= WHAT IS REQUIRED =
An exact copy is required of the lines running from the one that contains "Nick Simpson-Deeks and" to the end of the material, both ends included, with pictures omitted.
____
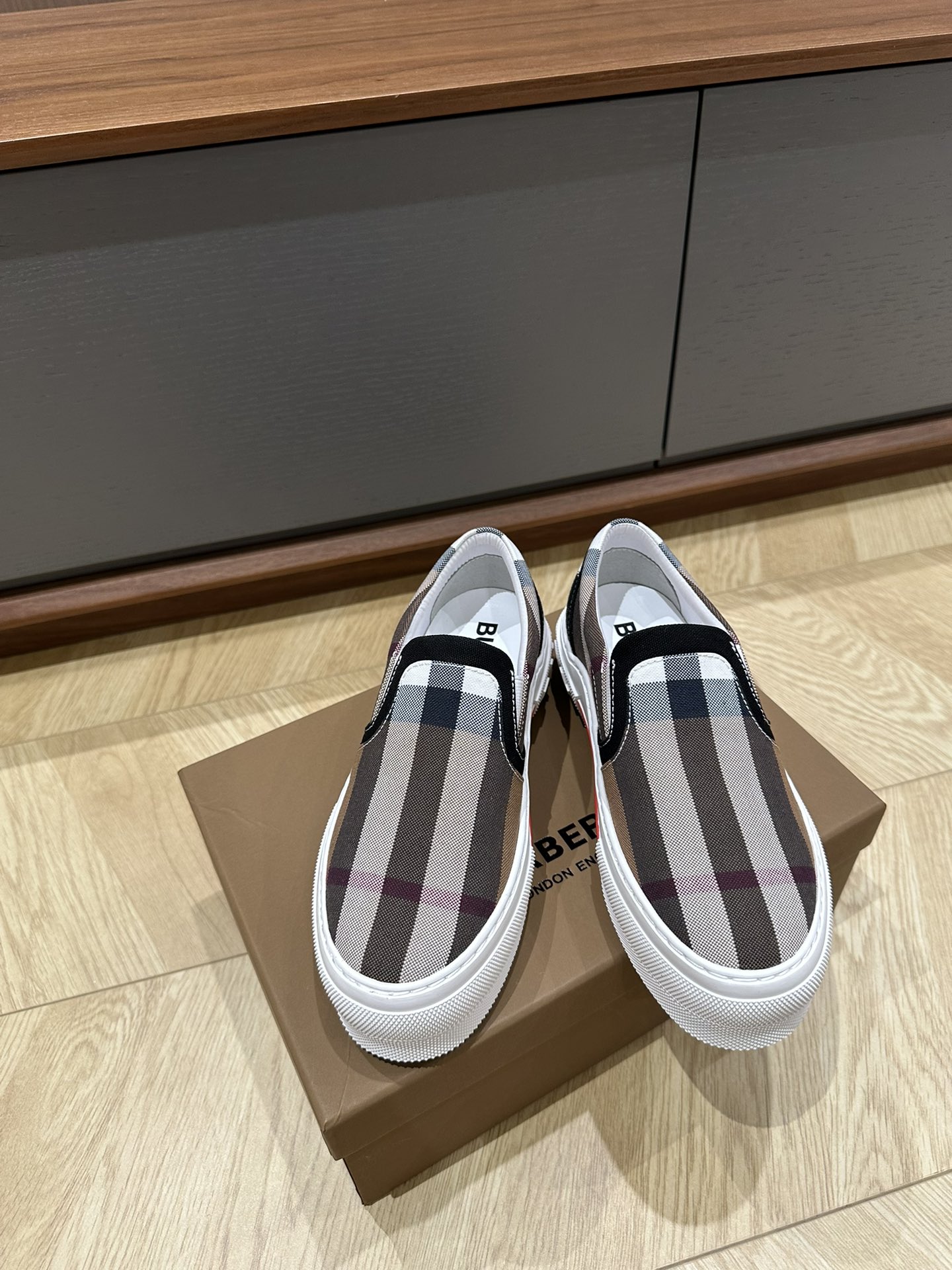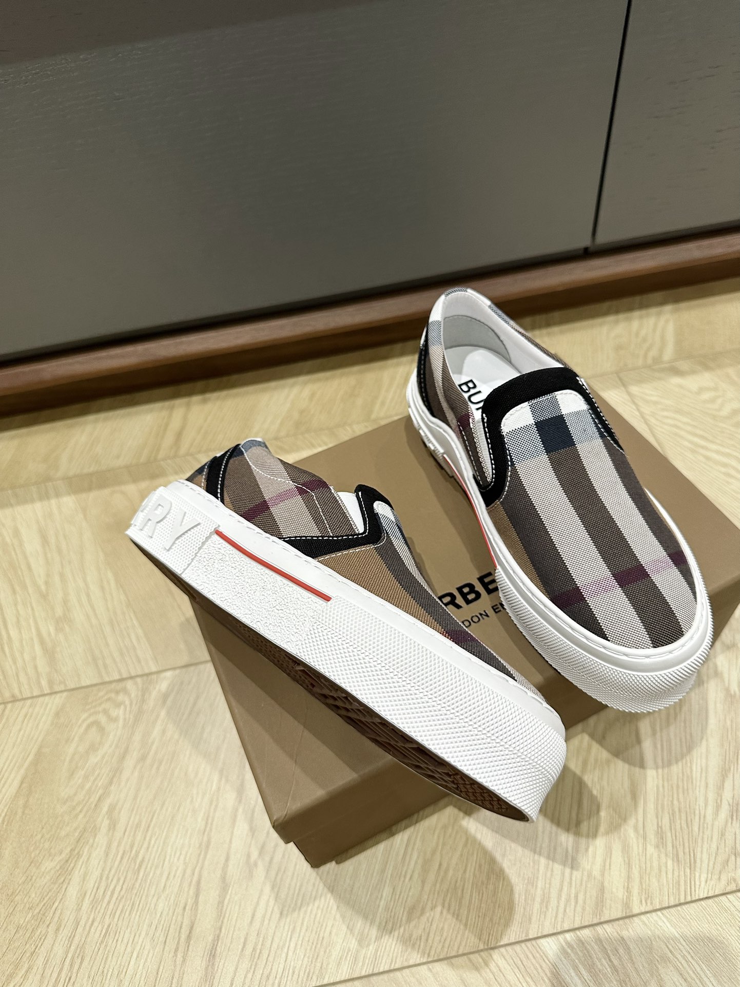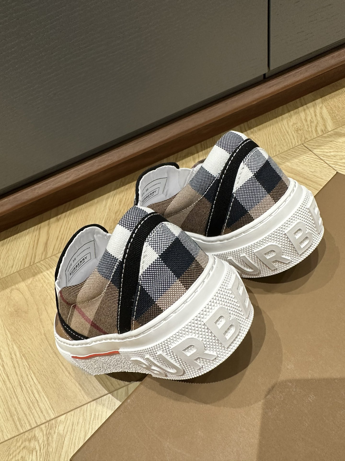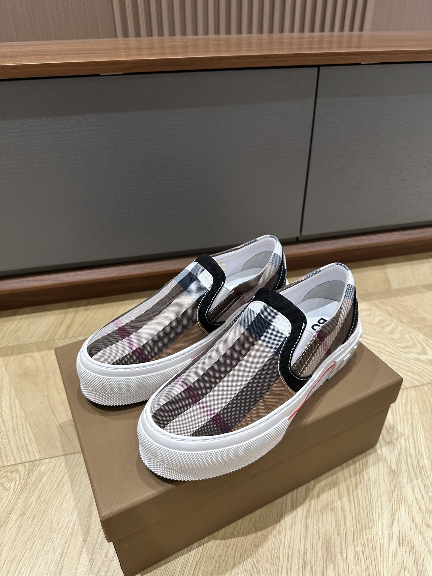 这款鞋子是AAAAA 1:1 质量 (非常棒). 使用了和原版一模一样的材料. 商标部分也保持了和巴宝莉/Burberry一样. 图片拍摄是实物鞋子拍摄, 您所收到的实物保证和我们图片一模一样.
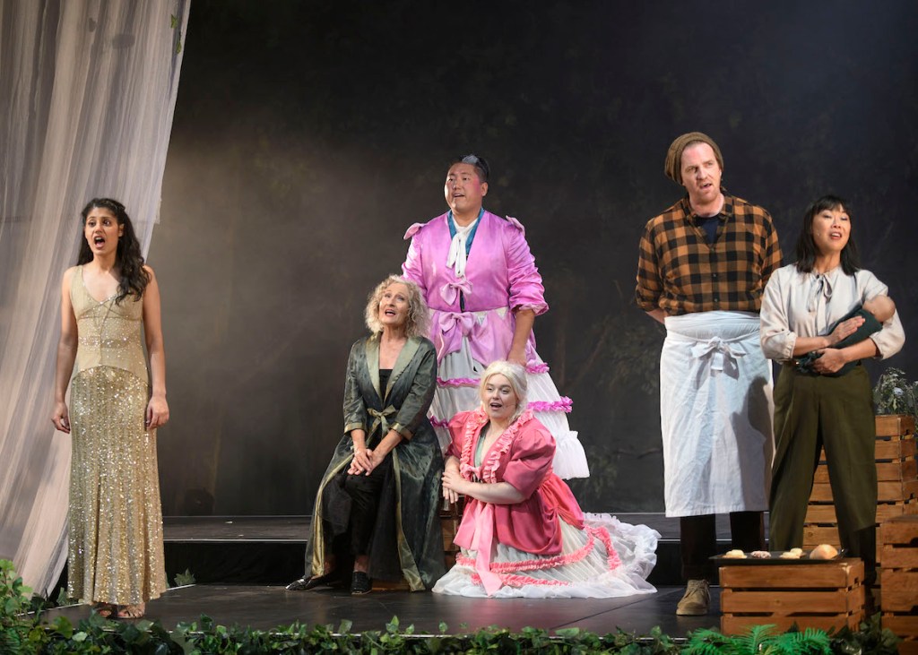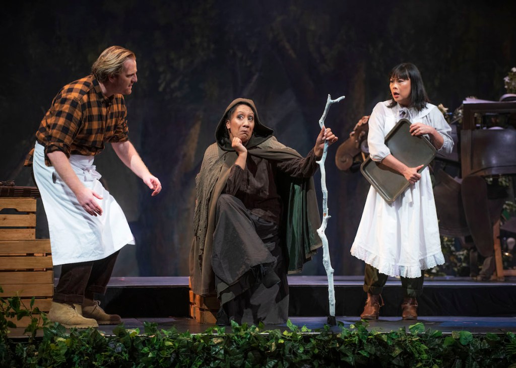 Nick Simpson-Deeks and Raphael Wong score every possible laugh as the vainglorious Princes. As the Wolf, Simpson-Deeks’ gorgeous voice and stylishly sinuous movement successfully distract from the devilish lyrics of “Hello Little Girl.” Successfully crossing over from the world of opera, Wong also hilariously doubles as haughty stepsister Lucinda.
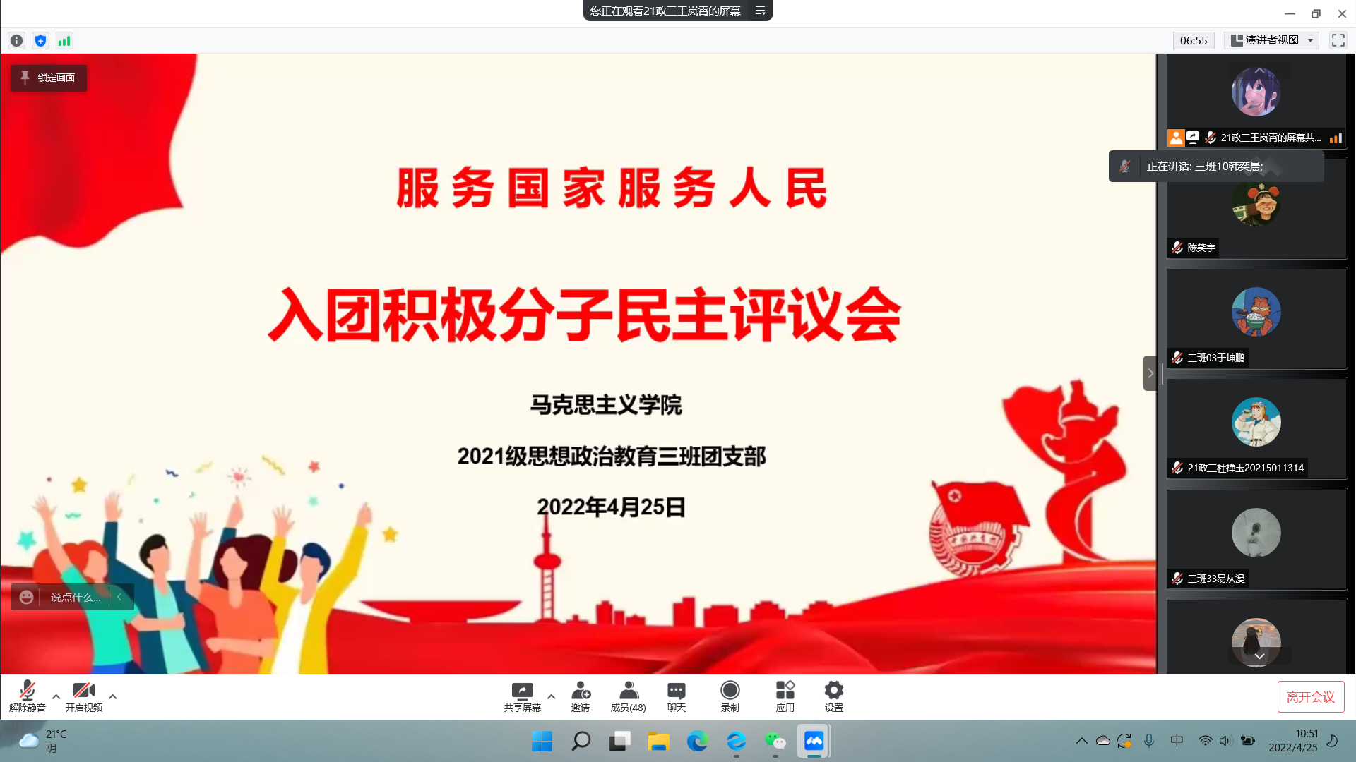 4月25日上午,pp电子官方网站2021级思想政治教育三班召开线上2022年上半年入团积极分子民主评议会。2021级思想政治教育三班全体团员以及三位候选人参加了此次会议,会议由团支书王岚霄主持。
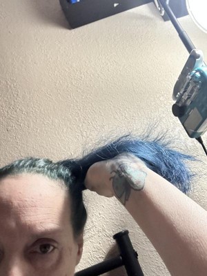 I bought cosmic teal because it looked more green than blue - it’s definitely blue. I have bleached hair (aside from my roots) and it’s blue. Just straight blue. 10/10 would NOT recommend. L’Oréal would never do this to me.
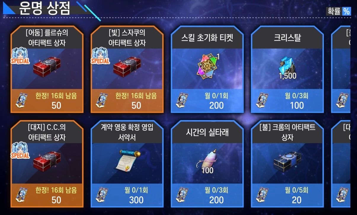 - 신규 추가 상품 : [어둠] 를르슈의 아티팩트 상자, [대지] C.C.의 아티팩트 상자, [빛] 스자쿠의 아티팩트 상자
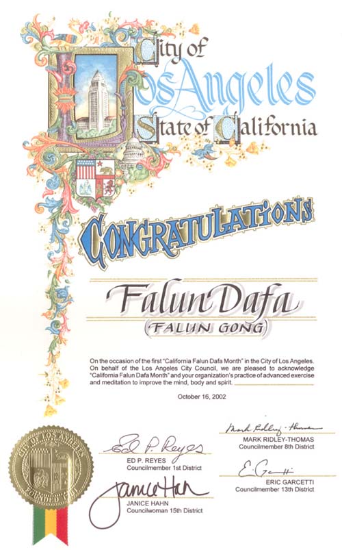 加州洛杉矶市议员祝贺首届“加州法轮大法月”
____
= SOLUTION FOR THIS EXERCISE =
 Nick Simpson-Deeks and Raphael Wong score every possible laugh as the vainglorious Princes. As the Wolf, Simpson-Deeks’ gorgeous voice and stylishly sinuous movement successfully distract from the devilish lyrics of “Hello Little Girl.” Successfully crossing over from the world of opera, Wong also hilariously doubles as haughty stepsister Lucinda.
 4月25日上午,pp电子官方网站2021级思想政治教育三班召开线上2022年上半年入团积极分子民主评议会。2021级思想政治教育三班全体团员以及三位候选人参加了此次会议,会议由团支书王岚霄主持。
 I bought cosmic teal because it looked more green than blue - it’s definitely blue. I have bleached hair (aside from my roots) and it’s blue. Just straight blue. 10/10 would NOT recommend. L’Oréal would never do this to me.
 - 신규 추가 상품 : [어둠] 를르슈의 아티팩트 상자, [대지] C.C.의 아티팩트 상자, [빛] 스자쿠의 아티팩트 상자
 加州洛杉矶市议员祝贺首届“加州法轮大法月”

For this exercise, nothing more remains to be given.